Sounding like a nursery or Dr. Suess rhyme came the question I asked myself two Sundays ago when it became clear that my embryo transfer did not “take.” After about a week of waiting, Googling “How to survive the two week wait” (so common, it even has a handy shorthand of 2WW), poking and prodding my body, analyzing every change or perceived change — in direct flouting of all the suggestions from the aforementioned Googling… — J and I came to know that this time didn’t “work.”
And when I told him, when I asked him how he felt, he said, “Disappointed.”
A few notes about J. When we met, he was 43, a so-close-to-being-confirmed bachelor that he wondered if he would indeed ever find someone to be with, let alone marry. He was, and is, persnickety, exacting, a creature of habit yet loathe to make plans for fear they may impinge on whatever spontaneous outdoor adventure may, perhaps, possibly, crop up. The rootedness of his idiosyncrasies meant that there was a narrow aperture through which a mate might skate, so narrow that his hope of having a partner felt increasingly elusive — family an order of magnitude more. Being a family man was not a dream of his boyhood or young adulthood; it simply wasn’t on his map.
And yet, when we started dating four years ago now, within the first month I knew that I had to bring up the “kids” conversation as it was on my map. We were eating on the back patio of a burger joint near my old apartment. Plates of sweet potato fries decimated between us, napkins curled up into balls, we sat in the dappled sunshine and I screwed up my courage: “So, what do you think about kids?”
I’m sure his answer was a quick-witted quip that soon turned earnest, as he did and does. He said he was ambivalent.
Not wanting to appear like this was a deal-breaker, not wanting it to seem that this would be an irrevocable rift, I, too, said I could “go either way.” And soon we parted for the afternoon. A few hours later I was on the phone with a close friend. I still remember sitting in the driver’s seat of my car, where I was parked, the color of the October leaves through the windows.
“You want kids,” she told me on the phone, “you’ve been pretty clear about that for several years.”
“Yeah,” I hedged, “but I don’t need them.
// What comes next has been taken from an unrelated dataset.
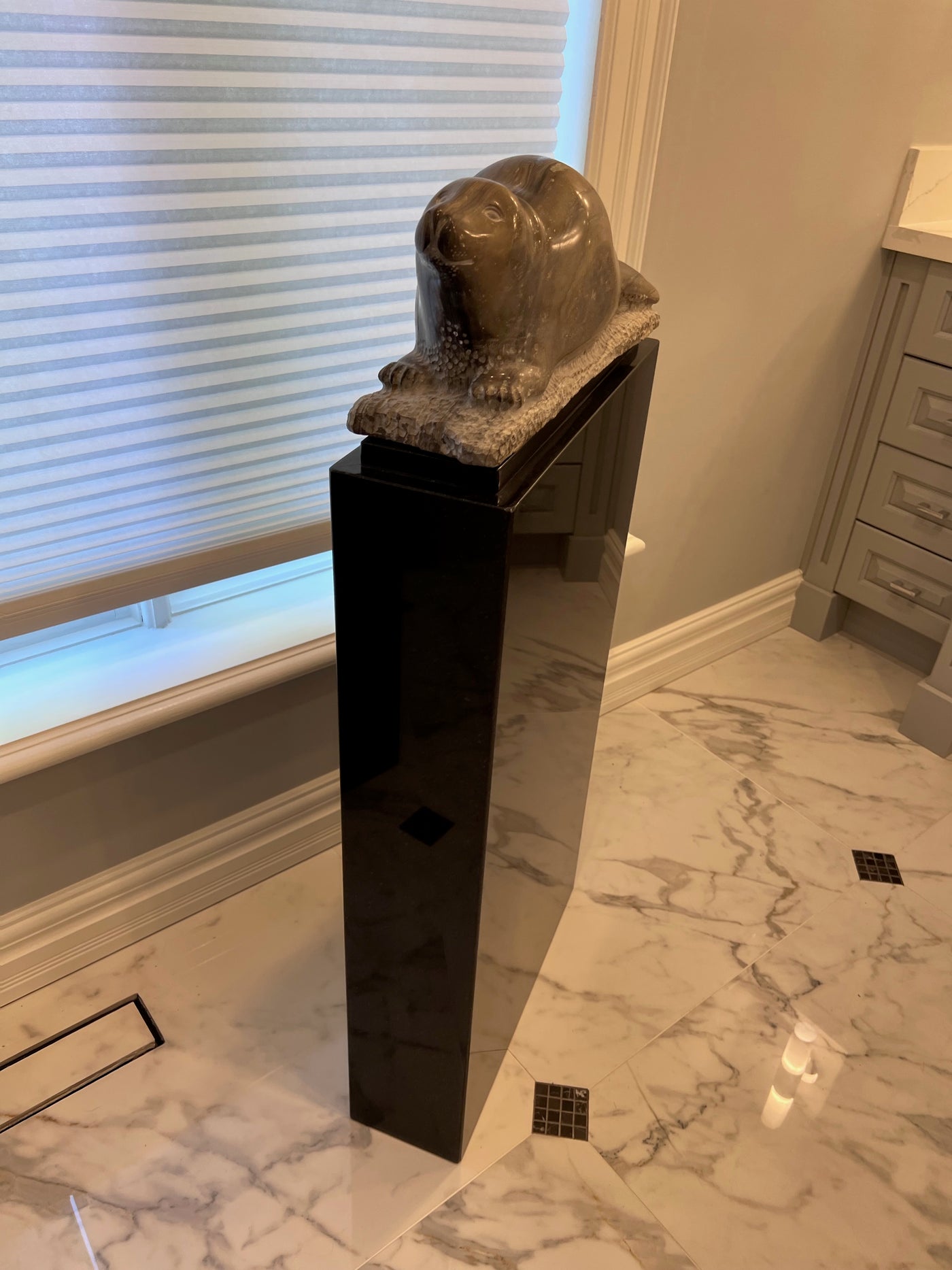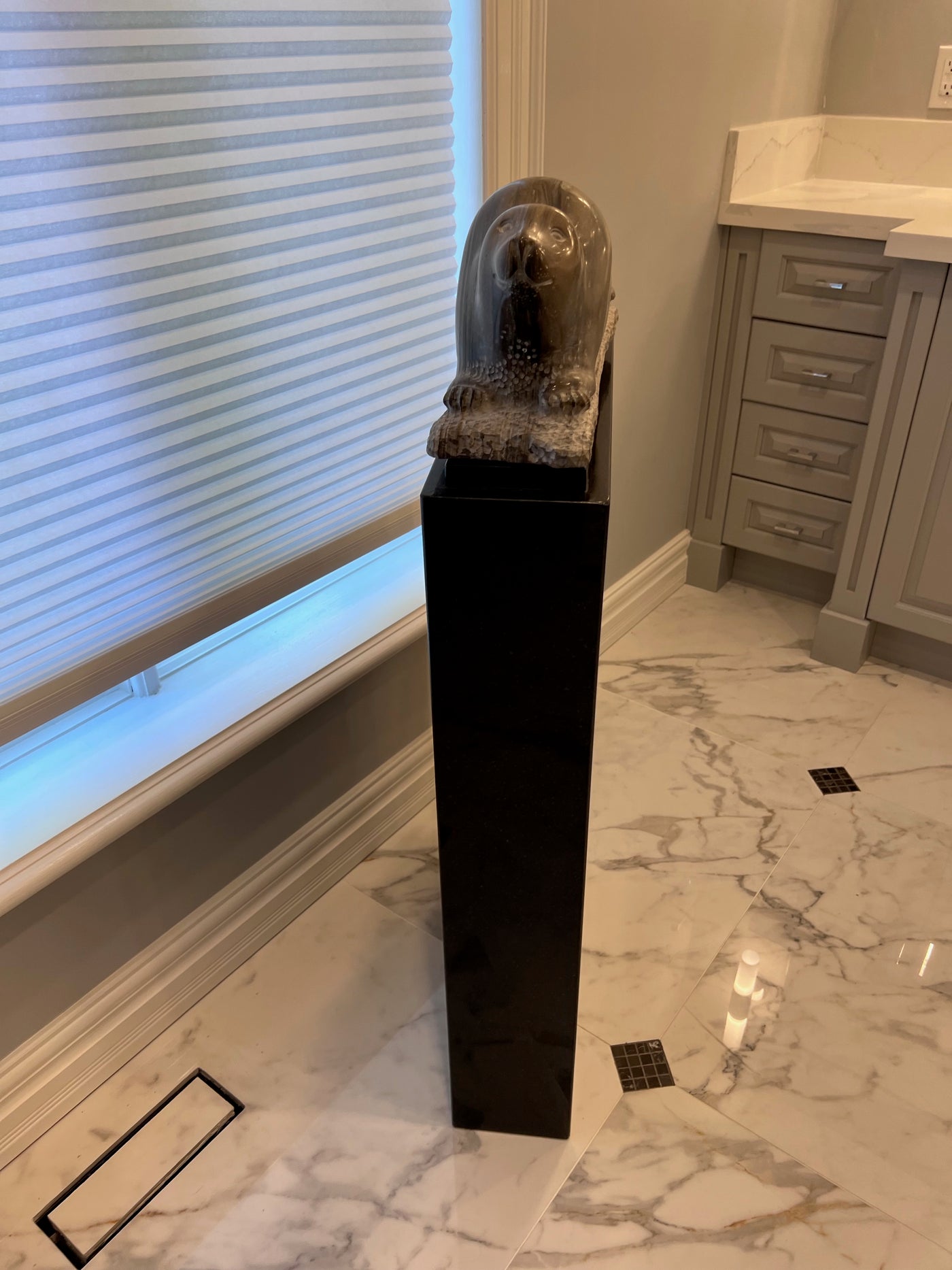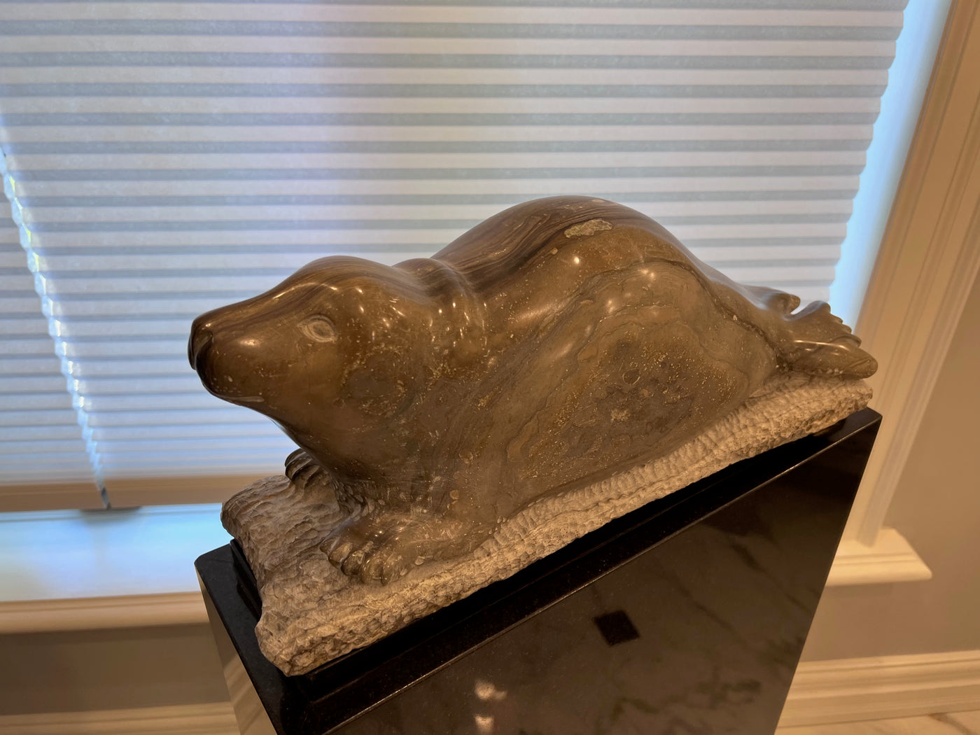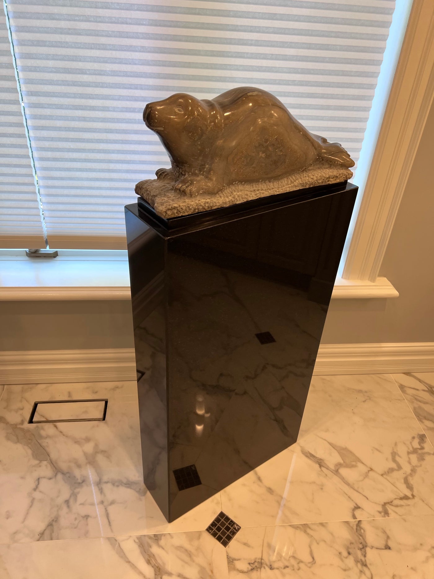 Signed Soapstone Sculpture- Seal, Sitting on a Beautiful Granite Stand

I mean, I have students I teach and as long as I have children’s laughter in my life, that’s enough.”
“I’m telling you that’s not your truth,” she insisted. “If this is something you really want, you can’t just throw it aside as though it’s not. You will be miserable.”
And she was right. So I called J back and asked if we could talk. I told him that although I’d said that I could go either way about kids, I really couldn’t. And that if we really wanted to see where this would go, he needed to know that in that picture, for me, would always be a family.
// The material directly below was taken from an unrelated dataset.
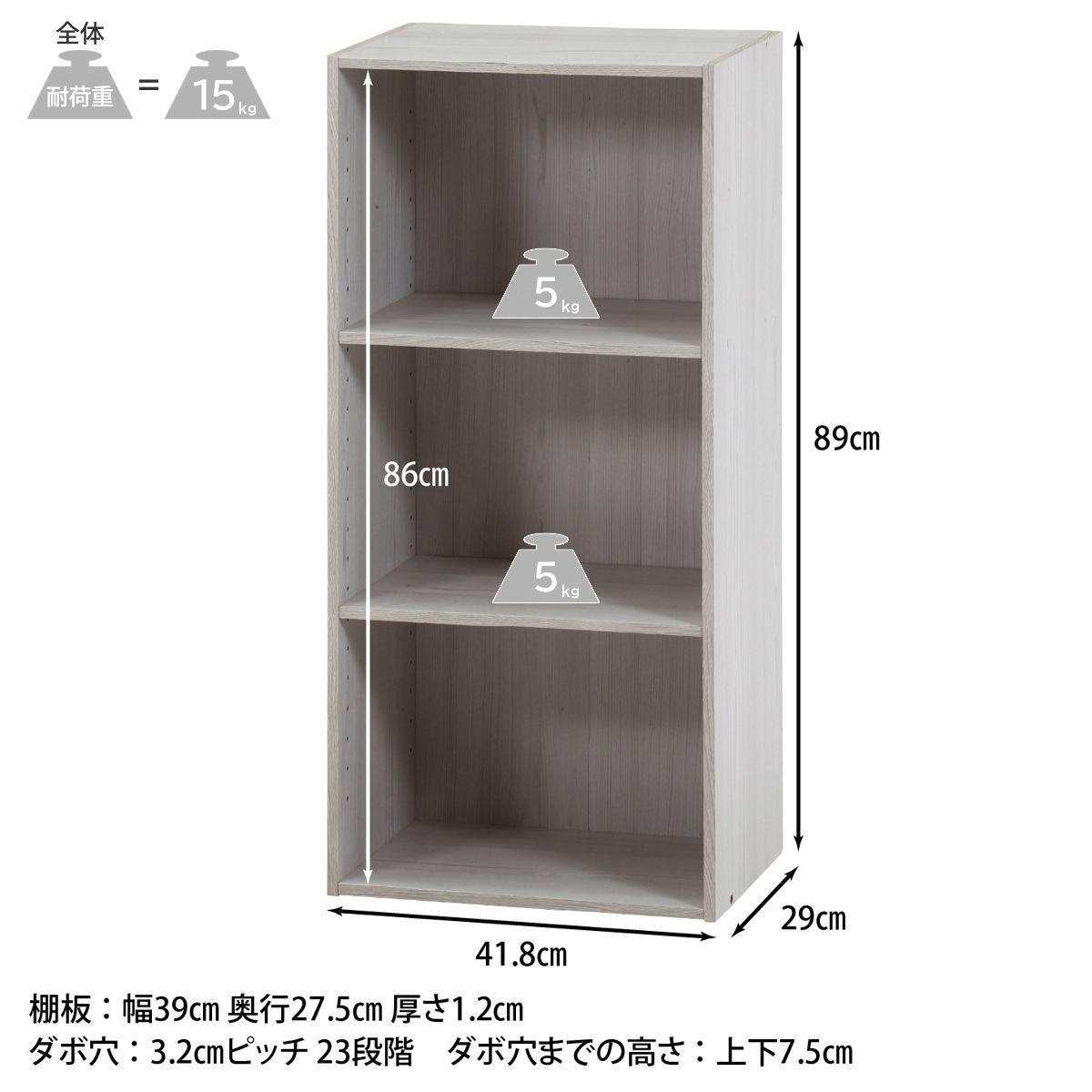| 棚板1枚あたり耐荷重 | 5kg |

He said okay. It was still early days, just a month in — plenty of time, I thought, for him to adjust the way he felt about having a family.
So we carried on. We went skiing, we went on trips, we snuggled and laughed and caught each others’ eye. And every now and then, I’d ask the question about how he felt about kids.
The answer remained “Ambivalent.” It remained so through meeting my family, through a 5-month break-up and reconciliation, through our engagement, and even through our wedding.
And I convinced myself that his stance, disappointing though it was (intermittently bordering on heart-breakingly devastating), it was at least not a “No.”
I convinced myself, sometimes rightly, that J had changed so much in our time together, had softened, had loosened, had lightened, that perhaps in time this same opening would traverse into the realm of our having a family.
And yet, his answer remained the same through our early pregnancy attempts, through our miscarriages, and even into the “serious as cancer” business of IVF. I mean, you can’t rightly state that you don’t want to have kids as you’re ejaculating into a cup! But, I suppose you can state that you are ambivalent — if it happens, cool; if it doesn’t, cool.
His answer remained, sometimes cheekily, sometimes frighteningly earnest, “This isn’t going to affect my life in any way, right?” And I would tell him that A) it would, and B) that he would still get to go skiing. And then I would roll my eyes so hard they stayed that way.
But, when, just a fortnight ago, I asked him how he felt and he replied, “Disappointed,” I was a bit shocked (and secretly elated).
I asked him to say more.
He said he’d been beginning to look forward to it, to having a family, to being a dad.
He’d been increasingly wondering about whether the homes we toured had enough space for a family, for kids.
He’d even started watching kids in public a little more, this time without an air of withstanding some unpleasantness or as though watching an alien species. He started to talk about kids’ skiing lessons, about cars big enough for all our gear — he even knew about the Snoo.
He said he was disappointed, that he was looking forward to it.
And so, following our “miss,” in perhaps one of the most bittersweet wins in history, my husband — the love of my life, my collaborator and my irritant, my playmate and my shoulder — begins to look forward to our future as a family.